Ghjuvan’Federicu Terrazzoni : Comment vous est venue l’idée de créer un film sur Pasquale Paoli ?
Rinatu Frassatti : L’idée m’est venue au début des années 2010. J’ai 25 ans à cette époque-là, je vis entre la Corse, Paris et l’Italie. Pour mes études et mon travail, j’ai vécu pendant près de quinze ans hors de l’île, j’y revenais fréquemment mais ce pas de côté m’a aussi permis d’adopter un autre point de vue sur la Corse, de prendre du recul. De réfléchir sur mon rapport à l’île, parfois conflictuel, toujours amoureux.
Et les écrits du jeune Bonaparte sur son rapport à l’île et notamment sur l’admiration qu’il portait à Paoli m’ont apparu comme étrangement modernes, comme s’ils avaient été écrits par un jeune corse d’aujourd’hui. Entre utopie et rêve. Une candeur qui allait, avec l’épreuve du réel, s’estomper. Mais je voulais explorer cette part de rêve et d’utopie qui me semble être présent depuis toujours dans nos psychés. Les Exilés venait de naître. Comment parler de mon rapport à la Corse au XXIème siècle ? En réalisant un film sur la Corse du XVIIIème siècle..
G.F.T. : Qu’est-ce qui vous a le plus marqué chez Paoli en travaillant sur ce film ?
R.F : Forcément je pense d’abord à son sens aiguisé de la politique et son côté visionnaire. Son charisme également, que ce soit en Corse ou partout où il est passé en Europe. Son héritage politique enfin, qui a inspiré les principaux mouvements révolutionnaires de la fin du siècle. Il est toujours vertigineux de se dire que Bonaparte et Paoli ont vécu à la même époque, deux «titans politiques» ont cohabité et sont issus de la même petite île de Méditerranée.
G.F.T. : Quelle qualité de Paoli voudriez-vous que les spectateurs admirent après avoir vu le film ?
R.F : C’est ce que j’aimerais que les gens retiennent après avoir vu le film : se rendre compte ce qu’a enfanté la Corse et qu’ils aient l’envie de continuer l’exploration de Paoli comme du jeune Bonaparte, trop souvent éludé par son destin impérial qui va suivre.
G.F.T. : Quelle scène du film est votre préférée pour illustrer Paoli ? R.F : On m’a souvent parlé de la scène du discours qui est assez emblématique du Paoli à la fois martial, militaire même, mais aussi précurseur de valeurs démocratiques, encore tout juste embryonnaires à cette époque-là.
G.F.T. : Comment avez-vous travaillé avec les acteurs pour qu’ils incarnent authentiquement ces figures historiques surtout en ce qui concerne le discours et la gestuelle de l’époque ?
R.F : On a travaillé notamment sur le mélange des langues.
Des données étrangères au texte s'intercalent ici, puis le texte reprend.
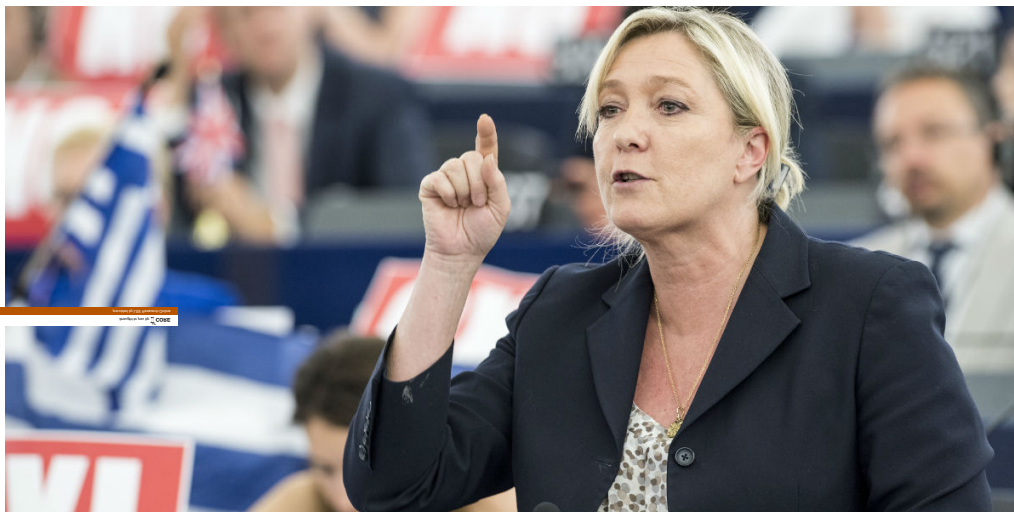
Marine Le Pen in the European Parliament.

With the growth of insurgent political parties that challenge the status quo, scholars are presented with a dilemma about how to categorise them. Takis S Pappas argues that nativist and populist parties are two distinct categories, and offers a set of criteria for classification.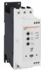
Soft starter advanced ADXNP Asynchronous three phase

Dans Les Exilés, on parle corse, italien, français et anglais. Mon père, Michel Frassati, a supervisé la partie en langue corse pour que l’on soit précis aussi sur les accents et les expressions en fonction de la région d’origine du personnage.
Sur la gestuelle, je ne voulais pas forcément qu’il y ait un réalisme précis par rapport à l’époque mais plutôt laisser une liberté de jeu aux comédiens.
G.F.T. : Une dernière question plus personnelle, avez-vous d’autres projets cinématographiques en cours ?
R.F : J’ai plusieurs projets en cours. Un long-métrage franco- italien déjà écrit mais qui a peiné à se financer depuis 2019, un 3ème court-métrage que j’espère tourner cette année ou l’année prochaine. Et j’entame l’écriture d’un nouveau long. Je n’ai pas l’envie ni la capacité pour développer des films à intervalles réguliers, je suis plutôt lent dans l’écriture. Je préfère tenter de développer une filmographie resserrée mais où chaque film que je serai parvenu à réaliser dégage quelque chose d’essentiel pour moi.
Rinatu Frassati hè un cineastu esigenti, arradicatu à i so loca è apartu à u mondu. Si servi di i so criazioni da visticà a so storia, a so lingua, è pona dumandi univirsali. V’eccu un assaghju d’un cuntrastu monda piacenti.